▸ **Records for this task**

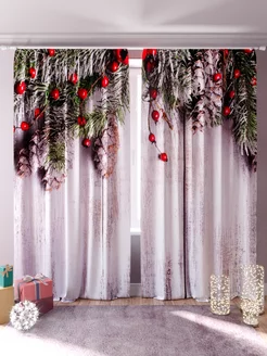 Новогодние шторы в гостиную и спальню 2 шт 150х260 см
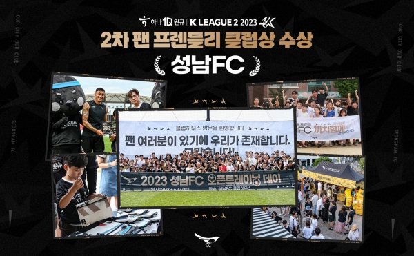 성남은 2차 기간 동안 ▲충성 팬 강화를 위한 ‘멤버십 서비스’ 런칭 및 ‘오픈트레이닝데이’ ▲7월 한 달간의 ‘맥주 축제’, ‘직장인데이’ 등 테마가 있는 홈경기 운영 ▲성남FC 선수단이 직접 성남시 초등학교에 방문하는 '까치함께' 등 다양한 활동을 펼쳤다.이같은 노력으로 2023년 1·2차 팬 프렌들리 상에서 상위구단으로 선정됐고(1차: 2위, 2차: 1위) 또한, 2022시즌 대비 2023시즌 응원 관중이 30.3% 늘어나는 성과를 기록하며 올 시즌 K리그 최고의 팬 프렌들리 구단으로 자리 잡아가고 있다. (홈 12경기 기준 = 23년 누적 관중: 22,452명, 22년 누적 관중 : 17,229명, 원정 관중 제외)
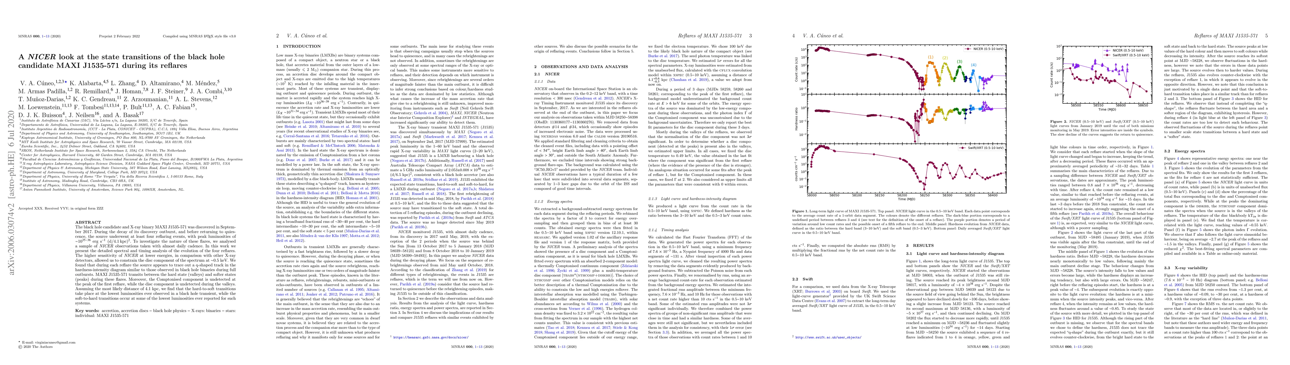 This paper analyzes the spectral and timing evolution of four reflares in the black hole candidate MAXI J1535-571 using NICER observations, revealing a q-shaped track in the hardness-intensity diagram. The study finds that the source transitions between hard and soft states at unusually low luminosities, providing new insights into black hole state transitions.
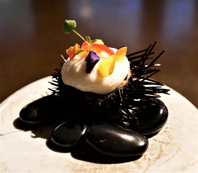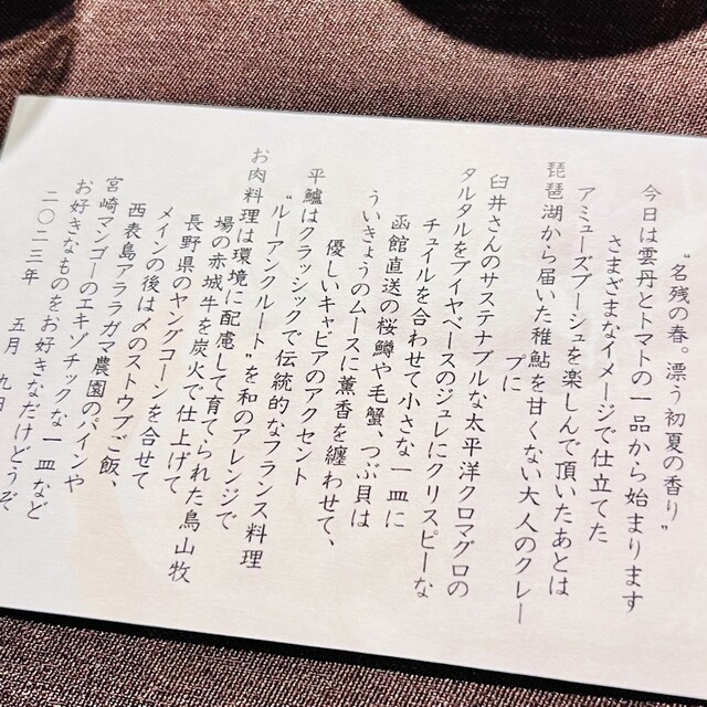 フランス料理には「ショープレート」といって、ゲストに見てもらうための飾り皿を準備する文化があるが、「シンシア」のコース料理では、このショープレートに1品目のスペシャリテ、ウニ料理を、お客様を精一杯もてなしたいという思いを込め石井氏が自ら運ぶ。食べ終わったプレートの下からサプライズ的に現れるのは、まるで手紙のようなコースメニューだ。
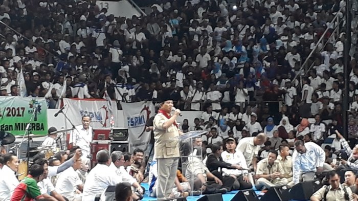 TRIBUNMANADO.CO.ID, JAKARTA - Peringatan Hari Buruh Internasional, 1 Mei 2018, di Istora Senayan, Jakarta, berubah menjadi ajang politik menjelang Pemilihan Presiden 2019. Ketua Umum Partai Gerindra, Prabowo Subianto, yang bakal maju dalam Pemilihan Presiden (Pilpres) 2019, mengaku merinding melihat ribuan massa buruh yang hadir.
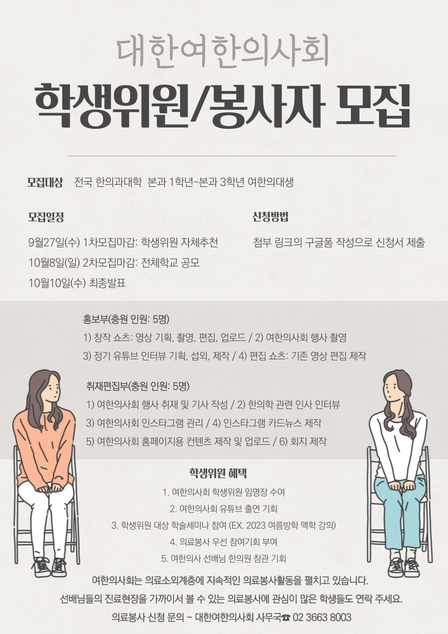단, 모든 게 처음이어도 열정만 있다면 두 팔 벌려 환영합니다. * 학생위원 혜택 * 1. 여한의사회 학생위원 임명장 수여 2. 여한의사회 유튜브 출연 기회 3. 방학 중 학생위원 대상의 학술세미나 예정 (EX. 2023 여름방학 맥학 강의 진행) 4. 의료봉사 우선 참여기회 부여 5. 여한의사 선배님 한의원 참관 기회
==
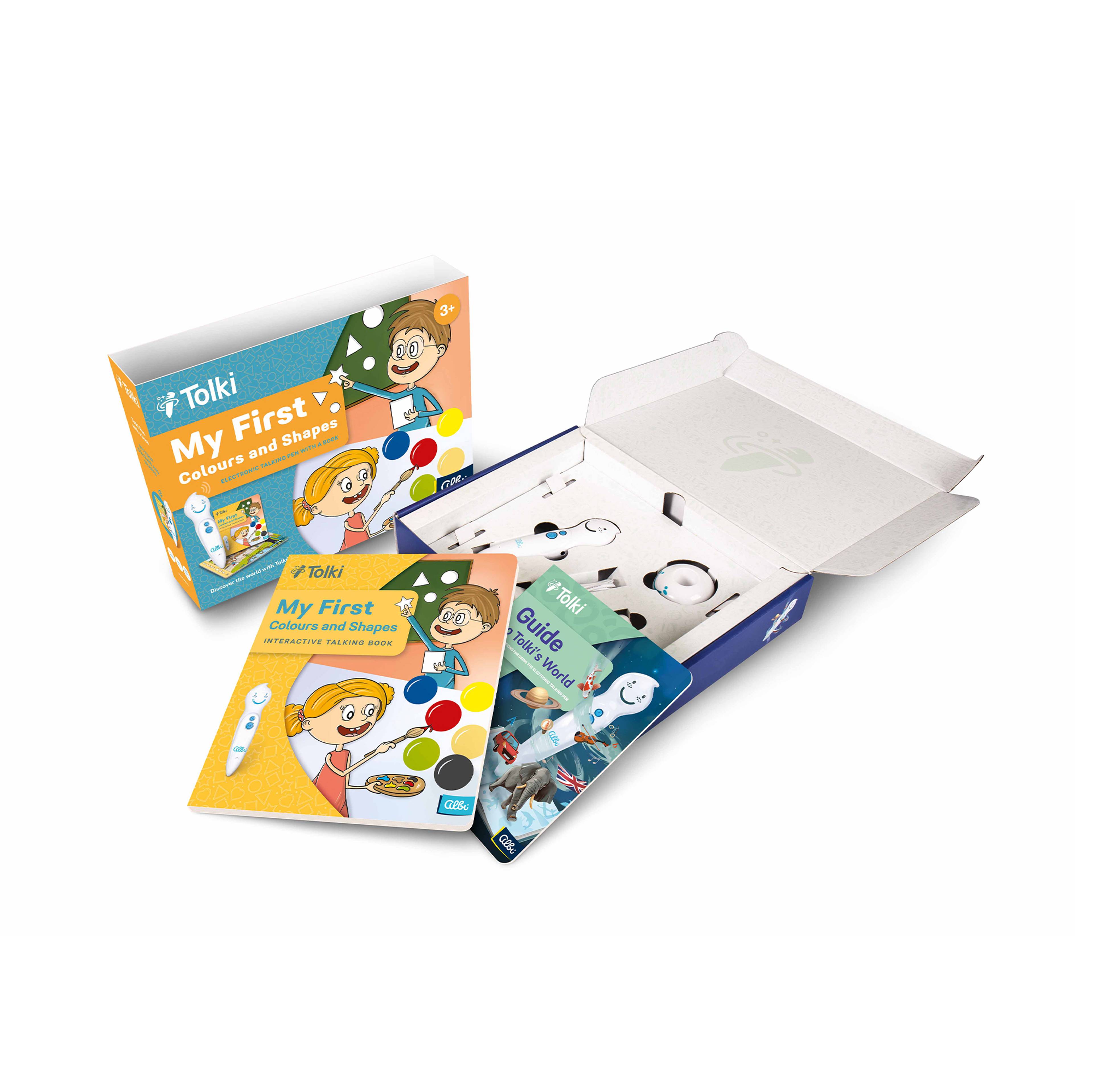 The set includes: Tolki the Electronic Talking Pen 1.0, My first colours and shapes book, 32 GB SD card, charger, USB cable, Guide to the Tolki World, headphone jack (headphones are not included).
--
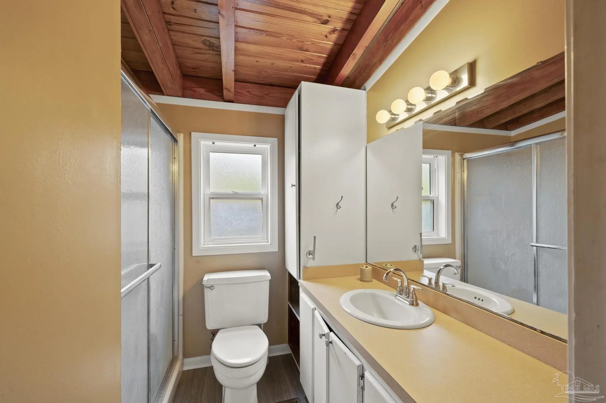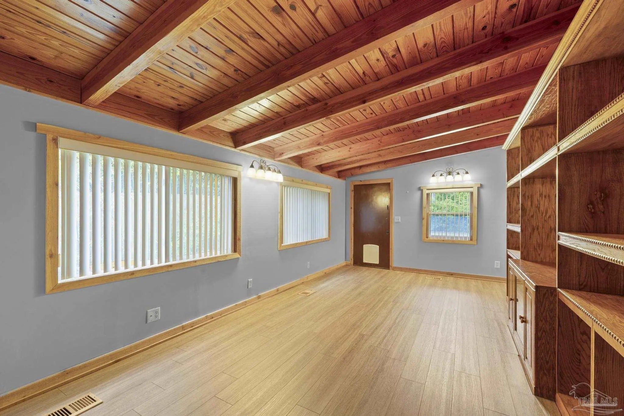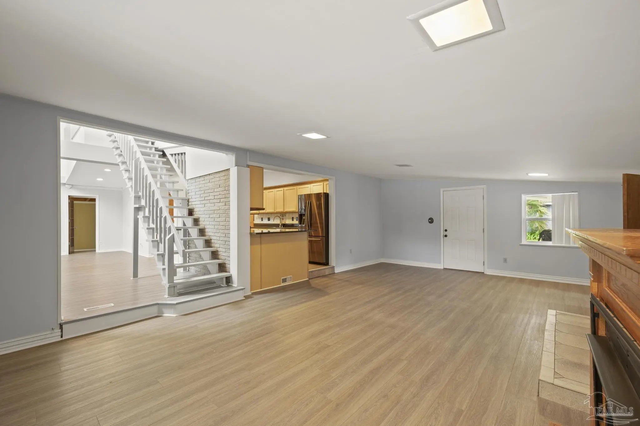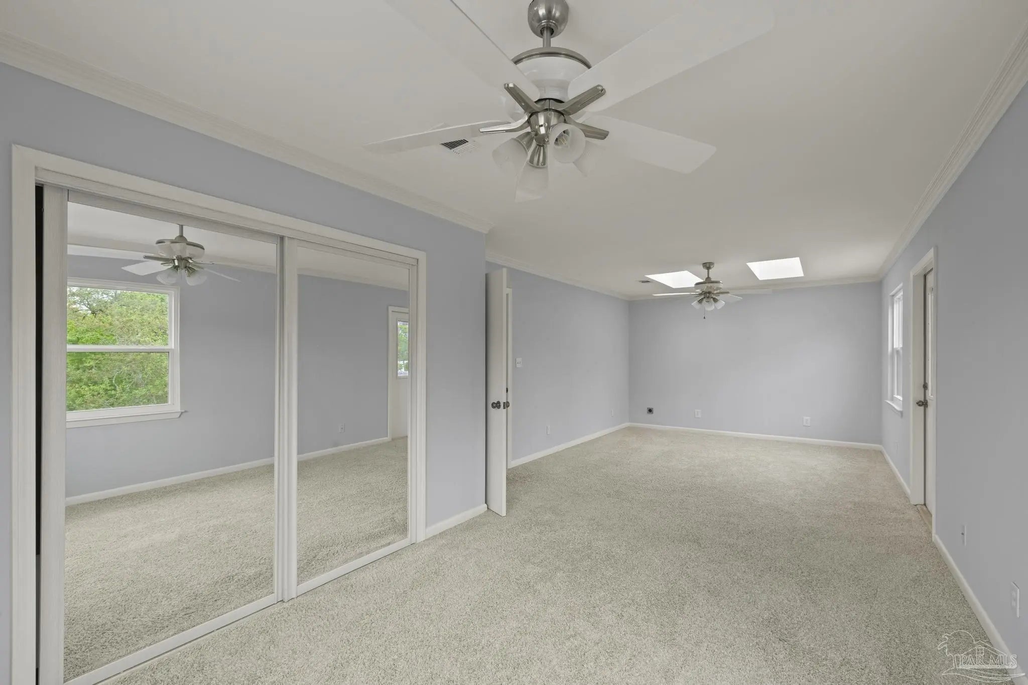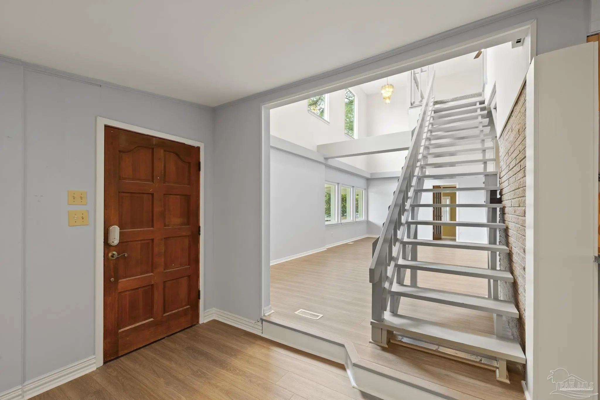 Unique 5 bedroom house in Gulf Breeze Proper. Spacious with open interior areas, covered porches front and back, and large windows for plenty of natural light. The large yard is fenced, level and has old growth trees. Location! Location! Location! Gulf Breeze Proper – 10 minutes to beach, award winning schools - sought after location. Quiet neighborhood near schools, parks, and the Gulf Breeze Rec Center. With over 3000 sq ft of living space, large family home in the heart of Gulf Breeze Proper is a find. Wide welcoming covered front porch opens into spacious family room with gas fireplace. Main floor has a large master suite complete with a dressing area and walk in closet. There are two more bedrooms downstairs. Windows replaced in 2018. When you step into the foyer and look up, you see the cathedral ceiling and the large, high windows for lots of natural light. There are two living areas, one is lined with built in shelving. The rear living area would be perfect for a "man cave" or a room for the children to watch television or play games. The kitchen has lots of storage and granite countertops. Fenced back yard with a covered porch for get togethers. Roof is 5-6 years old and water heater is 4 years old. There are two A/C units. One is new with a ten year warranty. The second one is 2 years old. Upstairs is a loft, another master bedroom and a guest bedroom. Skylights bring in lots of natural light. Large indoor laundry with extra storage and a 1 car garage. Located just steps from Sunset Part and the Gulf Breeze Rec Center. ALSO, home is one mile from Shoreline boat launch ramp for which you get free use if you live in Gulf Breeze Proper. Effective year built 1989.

▸ **Exercise description**
Starting with the line that has "This paper analyzes" and going on through the line that has "フランス料理には「ショープレ", transcribe the records above exactly, but skip the pictures.

▸ **Reply**
 This paper analyzes the spectral and timing evolution of four reflares in the black hole candidate MAXI J1535-571 using NICER observations, revealing a q-shaped track in the hardness-intensity diagram. The study finds that the source transitions between hard and soft states at unusually low luminosities, providing new insights into black hole state transitions.
 フランス料理には「ショープレート」といって、ゲストに見てもらうための飾り皿を準備する文化があるが、「シンシア」のコース料理では、このショープレートに1品目のスペシャリテ、ウニ料理を、お客様を精一杯もてなしたいという思いを込め石井氏が自ら運ぶ。食べ終わったプレートの下からサプライズ的に現れるのは、まるで手紙のようなコースメニューだ。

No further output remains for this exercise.